MiFID I was launched with the highest of hopes. It was intended to turbo-charge cross-continental trade in financial services. Its aim was to allow firms from across the European Union to compete with each other across jurisdictions and thereby to increase consumer choice and improve consumer outcomes.
Having been years in the planning and having endured much scrutiny and revision, MiFID I finally came into force in November 2007 – and was almost immediately overtaken by the Global Financial Crisis.
It was the Global Financial Crisis that gave rise to MiFID II and it is against the background of the Global Financial Crisis that MiFID II can best be understood.

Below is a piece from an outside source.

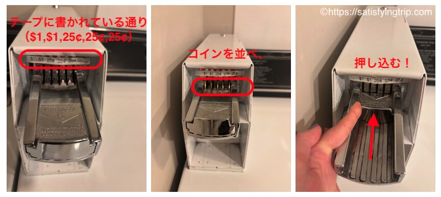 テープに書かれている通り($1,$1,25¢,25¢,25¢)コインを並べて、ぐっと押し込む!です。こんなの、初見でわかるわけなーい!

MiFID II brings more activities and products within the scope of financial services regulation, introduces new transparency requirements and establishes new consumer protections.
By increasing and targeting the scope of financial services regulation, MiFID II aims to decrease the chances of further economic turbulence.
While the following were not regulated under MiFID I, they fall squarely with the scope of MiFID II.
Under MiFID II, operating organised trading facilities (OTFs) will be a regulated activity. While regulated markets and multilateral trading facilities (MTFs) are already regulated, OTFs have not hitherto been regulated.
An OTF is a multilateral discretionary trading platform. Unlike MTFs, the operator of an OTF has discretion when matching orders.
Firms in this space need to be aware of their forthcoming obligations.
Structured deposits and emissions allowances will be regulated under MiFID II.
General trade transparency requirements
Trading venues and investment firms will have to comply with more wide-ranging transparency rules. These will apply both pre and post-trade.